ABOUT THIS TASK:
Once you have read the records below, write them all out exactly as given.

SOURCE DATA:
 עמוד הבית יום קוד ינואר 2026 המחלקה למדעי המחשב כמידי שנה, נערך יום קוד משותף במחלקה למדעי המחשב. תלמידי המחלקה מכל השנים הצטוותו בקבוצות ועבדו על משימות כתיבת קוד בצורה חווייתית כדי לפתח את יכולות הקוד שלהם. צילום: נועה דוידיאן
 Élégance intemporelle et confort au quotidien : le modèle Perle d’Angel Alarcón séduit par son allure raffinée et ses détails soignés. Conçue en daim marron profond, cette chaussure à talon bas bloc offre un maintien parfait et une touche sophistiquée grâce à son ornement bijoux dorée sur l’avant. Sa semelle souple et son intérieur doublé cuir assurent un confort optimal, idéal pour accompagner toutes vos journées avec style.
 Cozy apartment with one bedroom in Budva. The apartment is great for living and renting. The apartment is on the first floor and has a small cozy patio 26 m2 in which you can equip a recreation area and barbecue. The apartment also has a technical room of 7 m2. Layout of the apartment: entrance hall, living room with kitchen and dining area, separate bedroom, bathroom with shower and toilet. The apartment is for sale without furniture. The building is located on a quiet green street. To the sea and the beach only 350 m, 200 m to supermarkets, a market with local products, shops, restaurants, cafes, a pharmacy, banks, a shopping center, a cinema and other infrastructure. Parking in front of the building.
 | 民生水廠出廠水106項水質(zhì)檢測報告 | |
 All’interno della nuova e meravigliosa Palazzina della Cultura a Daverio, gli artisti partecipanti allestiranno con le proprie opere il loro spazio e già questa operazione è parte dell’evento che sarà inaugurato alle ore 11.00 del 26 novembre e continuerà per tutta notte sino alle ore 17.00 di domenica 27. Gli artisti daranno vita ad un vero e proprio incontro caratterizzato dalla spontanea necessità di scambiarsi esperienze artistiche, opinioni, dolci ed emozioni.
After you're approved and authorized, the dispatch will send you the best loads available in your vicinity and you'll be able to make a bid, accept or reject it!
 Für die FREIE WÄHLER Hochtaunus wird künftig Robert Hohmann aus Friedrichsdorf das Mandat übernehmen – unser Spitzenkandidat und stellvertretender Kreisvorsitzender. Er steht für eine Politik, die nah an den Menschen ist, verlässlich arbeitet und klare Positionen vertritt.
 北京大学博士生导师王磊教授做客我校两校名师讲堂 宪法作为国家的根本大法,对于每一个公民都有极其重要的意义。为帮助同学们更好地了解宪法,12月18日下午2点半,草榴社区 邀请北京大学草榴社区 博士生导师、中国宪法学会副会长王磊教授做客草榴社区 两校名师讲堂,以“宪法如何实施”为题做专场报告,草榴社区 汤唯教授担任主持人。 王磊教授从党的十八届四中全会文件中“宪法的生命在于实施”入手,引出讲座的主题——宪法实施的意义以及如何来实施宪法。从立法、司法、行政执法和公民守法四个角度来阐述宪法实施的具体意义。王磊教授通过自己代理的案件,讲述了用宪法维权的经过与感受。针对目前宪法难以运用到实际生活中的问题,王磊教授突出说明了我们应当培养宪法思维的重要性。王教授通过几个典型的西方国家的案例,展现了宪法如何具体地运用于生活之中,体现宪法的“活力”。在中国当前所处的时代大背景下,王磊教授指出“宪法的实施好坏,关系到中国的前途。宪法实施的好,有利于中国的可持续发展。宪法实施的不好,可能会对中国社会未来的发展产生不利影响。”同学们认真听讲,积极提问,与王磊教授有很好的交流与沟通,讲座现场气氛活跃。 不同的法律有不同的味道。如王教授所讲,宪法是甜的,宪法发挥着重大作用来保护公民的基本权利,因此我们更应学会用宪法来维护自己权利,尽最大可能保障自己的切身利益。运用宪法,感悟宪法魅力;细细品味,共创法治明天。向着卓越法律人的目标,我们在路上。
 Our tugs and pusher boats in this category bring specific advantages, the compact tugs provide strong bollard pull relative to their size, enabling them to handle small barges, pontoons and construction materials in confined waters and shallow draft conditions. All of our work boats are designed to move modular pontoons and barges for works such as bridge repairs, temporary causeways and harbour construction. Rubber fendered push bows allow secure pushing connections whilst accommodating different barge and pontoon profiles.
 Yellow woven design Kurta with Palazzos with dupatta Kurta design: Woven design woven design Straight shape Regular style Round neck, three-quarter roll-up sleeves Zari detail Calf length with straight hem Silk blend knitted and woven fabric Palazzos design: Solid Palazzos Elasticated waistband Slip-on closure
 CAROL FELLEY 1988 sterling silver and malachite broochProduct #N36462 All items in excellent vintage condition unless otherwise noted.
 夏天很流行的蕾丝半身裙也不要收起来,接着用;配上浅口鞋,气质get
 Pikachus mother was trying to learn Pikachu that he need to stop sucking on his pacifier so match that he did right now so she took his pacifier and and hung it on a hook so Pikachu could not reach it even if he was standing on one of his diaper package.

EXPECTED OUTPUT:
 עמוד הבית יום קוד ינואר 2026 המחלקה למדעי המחשב כמידי שנה, נערך יום קוד משותף במחלקה למדעי המחשב. תלמידי המחלקה מכל השנים הצטוותו בקבוצות ועבדו על משימות כתיבת קוד בצורה חווייתית כדי לפתח את יכולות הקוד שלהם. צילום: נועה דוידיאן
 Élégance intemporelle et confort au quotidien : le modèle Perle d’Angel Alarcón séduit par son allure raffinée et ses détails soignés. Conçue en daim marron profond, cette chaussure à talon bas bloc offre un maintien parfait et une touche sophistiquée grâce à son ornement bijoux dorée sur l’avant. Sa semelle souple et son intérieur doublé cuir assurent un confort optimal, idéal pour accompagner toutes vos journées avec style.
 Cozy apartment with one bedroom in Budva. The apartment is great for living and renting. The apartment is on the first floor and has a small cozy patio 26 m2 in which you can equip a recreation area and barbecue. The apartment also has a technical room of 7 m2. Layout of the apartment: entrance hall, living room with kitchen and dining area, separate bedroom, bathroom with shower and toilet. The apartment is for sale without furniture. The building is located on a quiet green street. To the sea and the beach only 350 m, 200 m to supermarkets, a market with local products, shops, restaurants, cafes, a pharmacy, banks, a shopping center, a cinema and other infrastructure. Parking in front of the building.
 | 民生水廠出廠水106項水質(zhì)檢測報告 | |
 All’interno della nuova e meravigliosa Palazzina della Cultura a Daverio, gli artisti partecipanti allestiranno con le proprie opere il loro spazio e già questa operazione è parte dell’evento che sarà inaugurato alle ore 11.00 del 26 novembre e continuerà per tutta notte sino alle ore 17.00 di domenica 27. Gli artisti daranno vita ad un vero e proprio incontro caratterizzato dalla spontanea necessità di scambiarsi esperienze artistiche, opinioni, dolci ed emozioni.
After you're approved and authorized, the dispatch will send you the best loads available in your vicinity and you'll be able to make a bid, accept or reject it!
 Für die FREIE WÄHLER Hochtaunus wird künftig Robert Hohmann aus Friedrichsdorf das Mandat übernehmen – unser Spitzenkandidat und stellvertretender Kreisvorsitzender. Er steht für eine Politik, die nah an den Menschen ist, verlässlich arbeitet und klare Positionen vertritt.
 北京大学博士生导师王磊教授做客我校两校名师讲堂 宪法作为国家的根本大法,对于每一个公民都有极其重要的意义。为帮助同学们更好地了解宪法,12月18日下午2点半,草榴社区 邀请北京大学草榴社区 博士生导师、中国宪法学会副会长王磊教授做客草榴社区 两校名师讲堂,以“宪法如何实施”为题做专场报告,草榴社区 汤唯教授担任主持人。 王磊教授从党的十八届四中全会文件中“宪法的生命在于实施”入手,引出讲座的主题——宪法实施的意义以及如何来实施宪法。从立法、司法、行政执法和公民守法四个角度来阐述宪法实施的具体意义。王磊教授通过自己代理的案件,讲述了用宪法维权的经过与感受。针对目前宪法难以运用到实际生活中的问题,王磊教授突出说明了我们应当培养宪法思维的重要性。王教授通过几个典型的西方国家的案例,展现了宪法如何具体地运用于生活之中,体现宪法的“活力”。在中国当前所处的时代大背景下,王磊教授指出“宪法的实施好坏,关系到中国的前途。宪法实施的好,有利于中国的可持续发展。宪法实施的不好,可能会对中国社会未来的发展产生不利影响。”同学们认真听讲,积极提问,与王磊教授有很好的交流与沟通,讲座现场气氛活跃。 不同的法律有不同的味道。如王教授所讲,宪法是甜的,宪法发挥着重大作用来保护公民的基本权利,因此我们更应学会用宪法来维护自己权利,尽最大可能保障自己的切身利益。运用宪法,感悟宪法魅力;细细品味,共创法治明天。向着卓越法律人的目标,我们在路上。
 Our tugs and pusher boats in this category bring specific advantages, the compact tugs provide strong bollard pull relative to their size, enabling them to handle small barges, pontoons and construction materials in confined waters and shallow draft conditions. All of our work boats are designed to move modular pontoons and barges for works such as bridge repairs, temporary causeways and harbour construction. Rubber fendered push bows allow secure pushing connections whilst accommodating different barge and pontoon profiles.
 Yellow woven design Kurta with Palazzos with dupatta Kurta design: Woven design woven design Straight shape Regular style Round neck, three-quarter roll-up sleeves Zari detail Calf length with straight hem Silk blend knitted and woven fabric Palazzos design: Solid Palazzos Elasticated waistband Slip-on closure
 CAROL FELLEY 1988 sterling silver and malachite broochProduct #N36462 All items in excellent vintage condition unless otherwise noted.
 夏天很流行的蕾丝半身裙也不要收起来,接着用;配上浅口鞋,气质get
 Pikachus mother was trying to learn Pikachu that he need to stop sucking on his pacifier so match that he did right now so she took his pacifier and and hung it on a hook so Pikachu could not reach it even if he was standing on one of his diaper package.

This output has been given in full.